The housing 125 is formed, as shown in FIG. 6. The housing 125 is coupled to a portion of the anode 115 and defines, in part, the shape of the X-ray vacuum chamber. The housing 125 typically has a cylindrical or tubular shape, such that it can be inserted into a patient's body to deliver X-ray radiation, although other configurations are possible and contemplated by this invention. The length of the housing 125 can range, for example, from 3 to 10 millimeters. The thickness of the housing walls 125 can range, for example, from 150 to 300 microns. Different sizes of housings may be used depending on the purposes of the device to be manufactured. The housing is made of insulating diamond with electrical resistivity typically higher than lxlO12 ohm-cm, for example.

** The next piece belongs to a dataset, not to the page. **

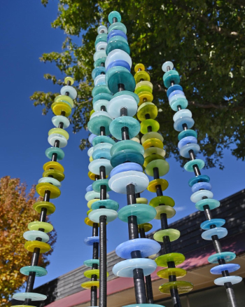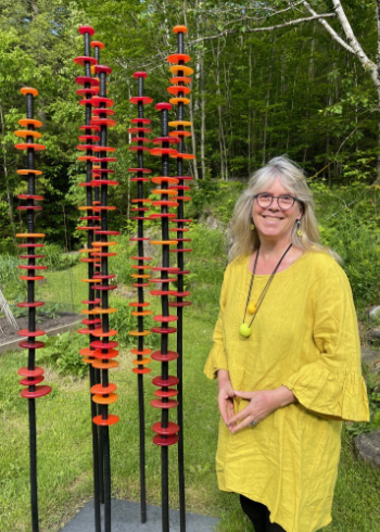 Through the past 30 years as a glass artist, I have explored the idea of garden through my work. The most recent projects continue this exploration, but the focus is now on developing sculptural glass objects to adorn the gardens and outdoor spaces that have been my source of inspiration for so long. We are all constantly surrounded by something. The landscape that surrounds us shapes us and influences us as we function within it. I live in a hard wood forest on the edge of the Canadian Precambrian Shield. The change in this landscape from season to season has inspired me to examine how the glass columns can evoke a new sense of space, by enlarging the groupings of columns to evoke the feeling of forest or grove. I have worked with scale to create a presence; they demand that observers engage with them in a more physical and direct way. Using numerous columns to define a space, I incorporate light through the multiple transparent or opaque glass elements. Drawing on natural and abstracted forms I have created a series of work that is harmonious and compelling through the seasons. Light is the critical element for glass in both indoor and outdoor settings. The shifting movement of the light throughout the day illuminates the beauty of the glass elements, creating moments when it appears that the colour itself sings and that colour is commanding the space. When lit at night, the columns take on a dramatic, jewel-like quality. The illumination of the coloured shafts is reminiscent of coloured lights reflecting off the surface of water at night with a slight ripple. This integration of light and object is something that I have been exploring throughout my work with sculptural forms.

The housing 125 is formed, typically, by chemical vapor deposition. Deposition of diamond is well-described in "Cylindrically Symmetric Diamond Parts by Hot-Filament CVD," Diamond and Related Materials, Volume 6, pages 1707-1715 (1997), written by T. R. Anthony, and in the book Diamond Films and Coatings, Editor Robert F. Davis, Noyes Publication, 1993, which were previously incorporated herein by reference in their entirety. CVD can be performed by General Electric and other manufacturers.

After the diamond housing 125 is formed, the housing 125 may be further treated. For example, the housing 125 may be annealed in air at a temperature of about 700° C. to 1000° C. for one-quarter to one hour in order to increase the electrical resistivity of the structure. The interior surface of the diamond housing 125 may also be treated in order to increase electrical resistivity of that surface. Etching of the inner surface with an acid, such as sulfo-chromic acid, increases the electrical resistivity and therefore helps reduce the risk of a short in the X-ray emitter due to a discharge between the high-potential anode and the cathode which is at a low potential. Heat treatment of diamond is described in M. I. Landstrass and K. V. Ravi, "Resistivity of Chemical Vapor Deposited Diamond Films," Applied Physics Letters, 55(10), Sep. 4, 1989, which is incorporated herein in its entirety.